■ Problem statement ■
Would you transcribe the entries below, beginning at the line with "표식, 마격 스타일이네요. 네 번째 패시브가 확률이긴 하지만 엄청나보입니다." and ending after the line with "black calf leather", exactly, with no picture and nothing more?

■ Records provided ■
——————————
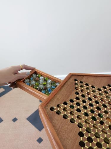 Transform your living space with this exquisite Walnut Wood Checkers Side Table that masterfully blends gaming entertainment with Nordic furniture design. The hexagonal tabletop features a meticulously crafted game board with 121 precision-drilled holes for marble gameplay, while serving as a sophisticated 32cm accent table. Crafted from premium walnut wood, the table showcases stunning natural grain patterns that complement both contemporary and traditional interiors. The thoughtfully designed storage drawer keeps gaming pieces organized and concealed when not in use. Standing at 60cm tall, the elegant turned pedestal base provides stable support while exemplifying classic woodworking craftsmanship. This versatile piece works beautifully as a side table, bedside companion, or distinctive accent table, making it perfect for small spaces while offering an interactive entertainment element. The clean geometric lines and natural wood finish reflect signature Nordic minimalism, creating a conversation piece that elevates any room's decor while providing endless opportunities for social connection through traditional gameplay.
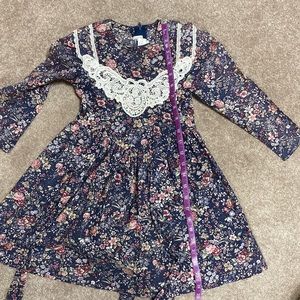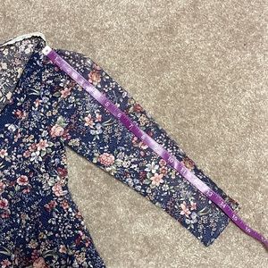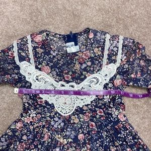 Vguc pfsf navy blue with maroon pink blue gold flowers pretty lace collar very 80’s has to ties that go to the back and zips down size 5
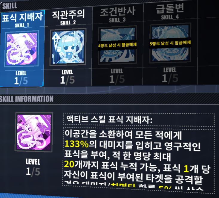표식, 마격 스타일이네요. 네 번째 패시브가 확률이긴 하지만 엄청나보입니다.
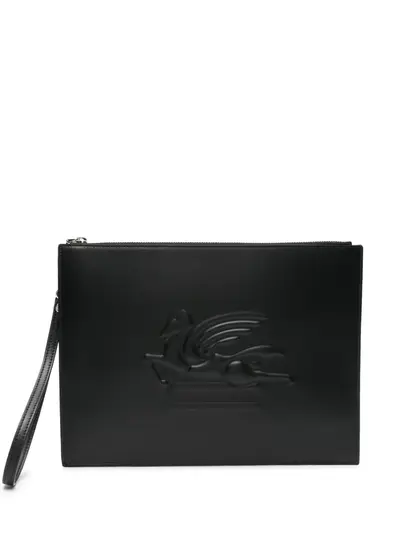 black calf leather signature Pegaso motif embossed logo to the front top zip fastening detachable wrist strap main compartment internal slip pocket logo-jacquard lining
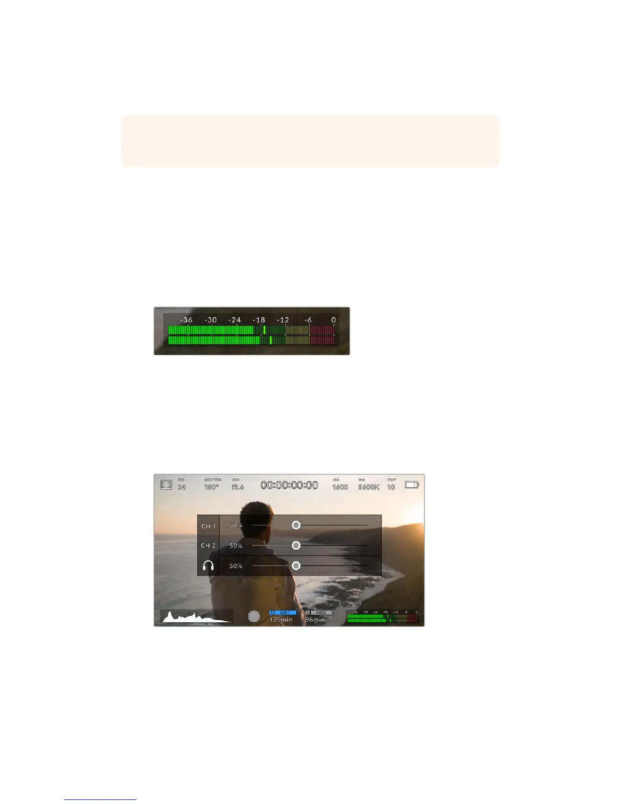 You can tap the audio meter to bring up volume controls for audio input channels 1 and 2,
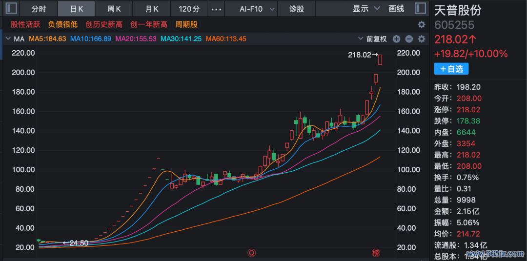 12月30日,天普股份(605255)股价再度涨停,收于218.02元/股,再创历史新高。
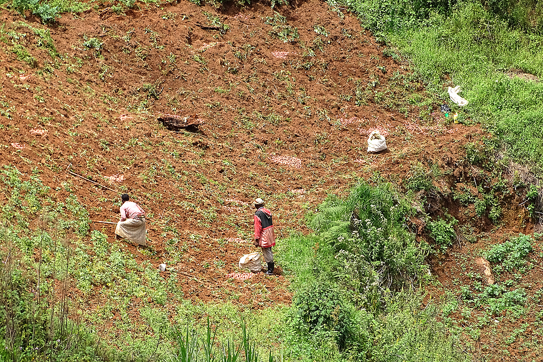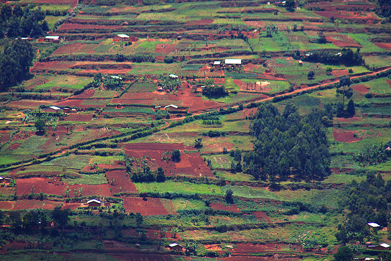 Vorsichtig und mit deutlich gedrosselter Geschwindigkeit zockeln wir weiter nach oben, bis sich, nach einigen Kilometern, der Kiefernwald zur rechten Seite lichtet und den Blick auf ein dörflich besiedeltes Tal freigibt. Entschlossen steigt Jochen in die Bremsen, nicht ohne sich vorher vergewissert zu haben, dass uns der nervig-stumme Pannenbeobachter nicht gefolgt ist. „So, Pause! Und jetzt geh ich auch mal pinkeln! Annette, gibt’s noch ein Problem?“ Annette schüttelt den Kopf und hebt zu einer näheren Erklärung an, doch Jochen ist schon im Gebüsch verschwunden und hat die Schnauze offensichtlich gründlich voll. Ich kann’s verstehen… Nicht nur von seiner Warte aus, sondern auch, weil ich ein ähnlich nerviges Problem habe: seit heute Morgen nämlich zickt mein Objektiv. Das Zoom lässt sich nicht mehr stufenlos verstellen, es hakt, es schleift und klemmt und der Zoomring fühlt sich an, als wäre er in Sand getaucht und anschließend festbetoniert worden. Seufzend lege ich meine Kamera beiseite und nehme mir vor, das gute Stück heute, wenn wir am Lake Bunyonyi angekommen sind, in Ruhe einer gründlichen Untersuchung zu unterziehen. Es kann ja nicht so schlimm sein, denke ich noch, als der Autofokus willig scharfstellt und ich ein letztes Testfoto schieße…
——————————
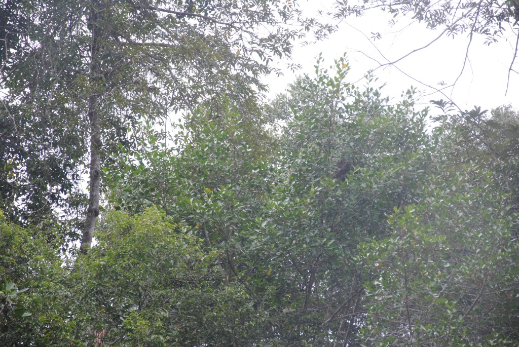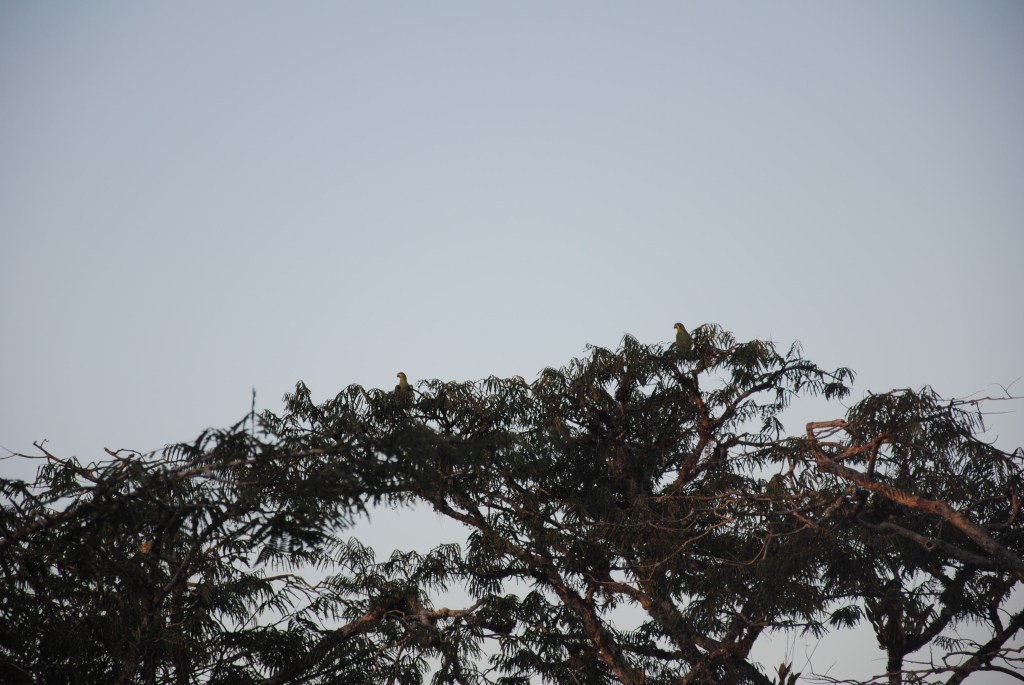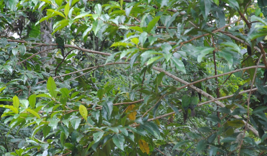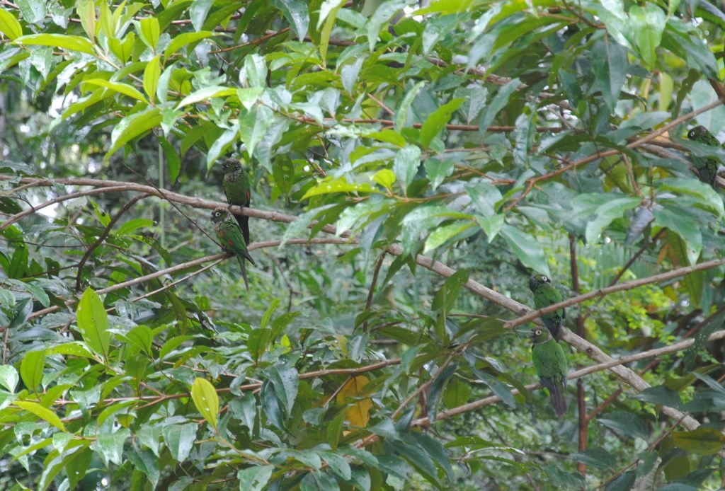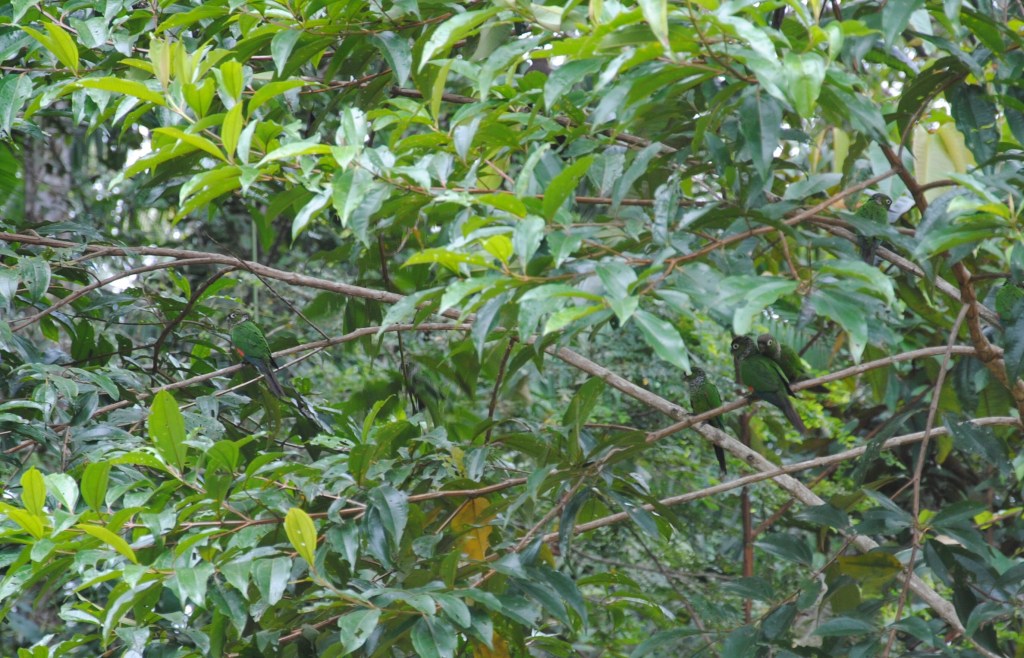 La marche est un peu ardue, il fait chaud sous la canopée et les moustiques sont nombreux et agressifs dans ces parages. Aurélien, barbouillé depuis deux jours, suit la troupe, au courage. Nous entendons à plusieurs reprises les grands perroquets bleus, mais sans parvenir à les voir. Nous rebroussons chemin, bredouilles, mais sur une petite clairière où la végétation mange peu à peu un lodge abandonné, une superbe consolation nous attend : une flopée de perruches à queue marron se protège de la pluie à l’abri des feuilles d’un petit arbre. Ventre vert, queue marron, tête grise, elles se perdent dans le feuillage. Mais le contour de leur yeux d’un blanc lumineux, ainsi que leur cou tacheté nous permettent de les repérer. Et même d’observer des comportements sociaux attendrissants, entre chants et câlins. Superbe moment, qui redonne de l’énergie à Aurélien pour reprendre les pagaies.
——————————
■ Exercise answer ■
표식, 마격 스타일이네요. 네 번째 패시브가 확률이긴 하지만 엄청나보입니다.
 black calf leather signature Pegaso motif embossed logo to the front top zip fastening detachable wrist strap main compartment internal slip pocket logo-jacquard lining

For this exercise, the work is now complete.